## AVAILABLE DATA
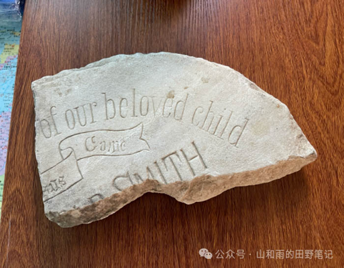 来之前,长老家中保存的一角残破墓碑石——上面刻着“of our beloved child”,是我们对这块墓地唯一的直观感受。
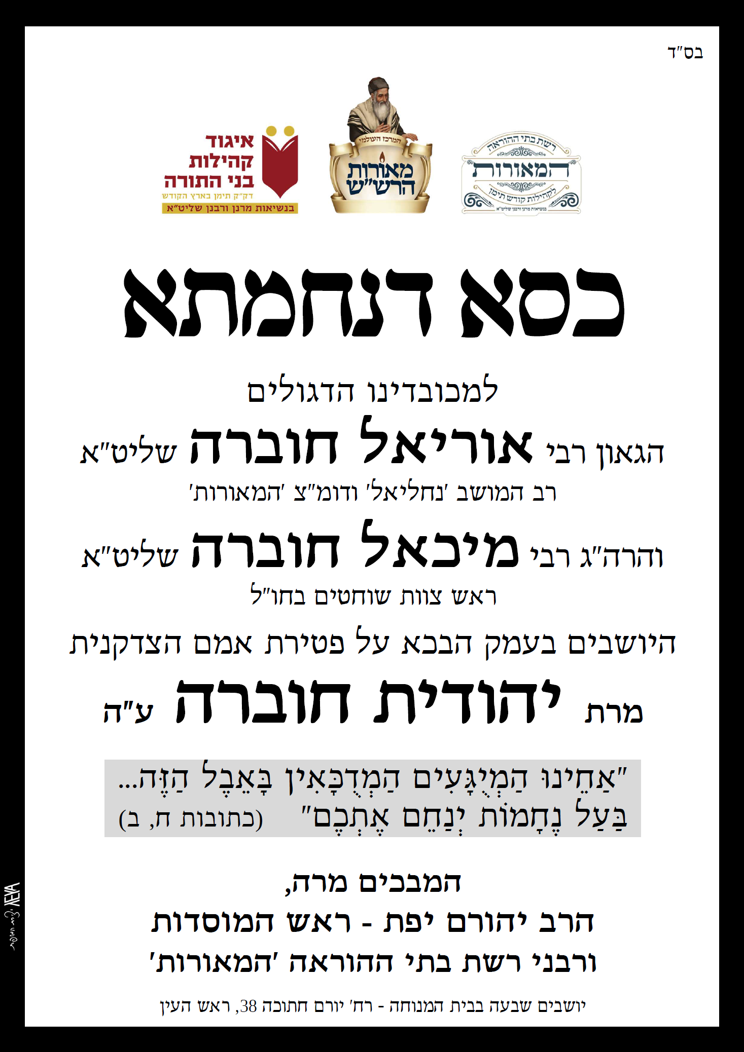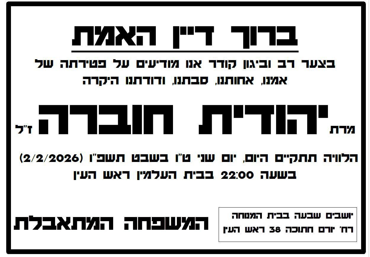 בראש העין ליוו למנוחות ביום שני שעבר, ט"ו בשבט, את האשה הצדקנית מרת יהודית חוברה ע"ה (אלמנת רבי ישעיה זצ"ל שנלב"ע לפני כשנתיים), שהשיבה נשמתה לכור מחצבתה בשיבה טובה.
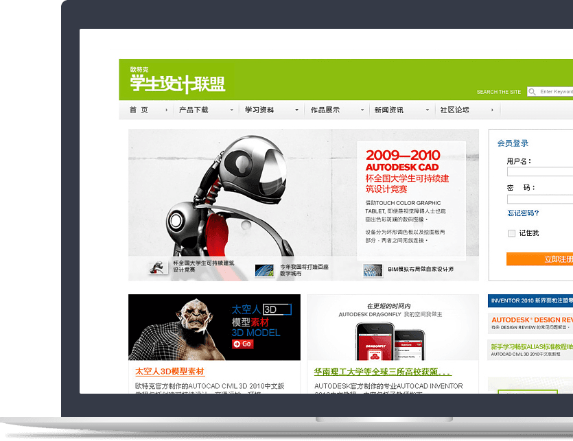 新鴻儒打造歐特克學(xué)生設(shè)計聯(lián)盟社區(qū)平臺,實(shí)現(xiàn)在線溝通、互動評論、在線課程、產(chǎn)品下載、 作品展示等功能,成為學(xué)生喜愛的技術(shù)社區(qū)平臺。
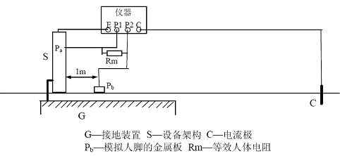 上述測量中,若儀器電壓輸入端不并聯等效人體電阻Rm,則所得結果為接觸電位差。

## WHAT IS REQUIRED
Please retype the lines from the one that contains "新鴻儒打造歐特克學(xué)" through the final line of the data, both included, without any pictures.

## OUTPUT OF THE TASK
 新鴻儒打造歐特克學(xué)生設(shè)計聯(lián)盟社區(qū)平臺,實(shí)現(xiàn)在線溝通、互動評論、在線課程、產(chǎn)品下載、 作品展示等功能,成為學(xué)生喜愛的技術(shù)社區(qū)平臺。
 上述測量中,若儀器電壓輸入端不并聯等效人體電阻Rm,則所得結果為接觸電位差。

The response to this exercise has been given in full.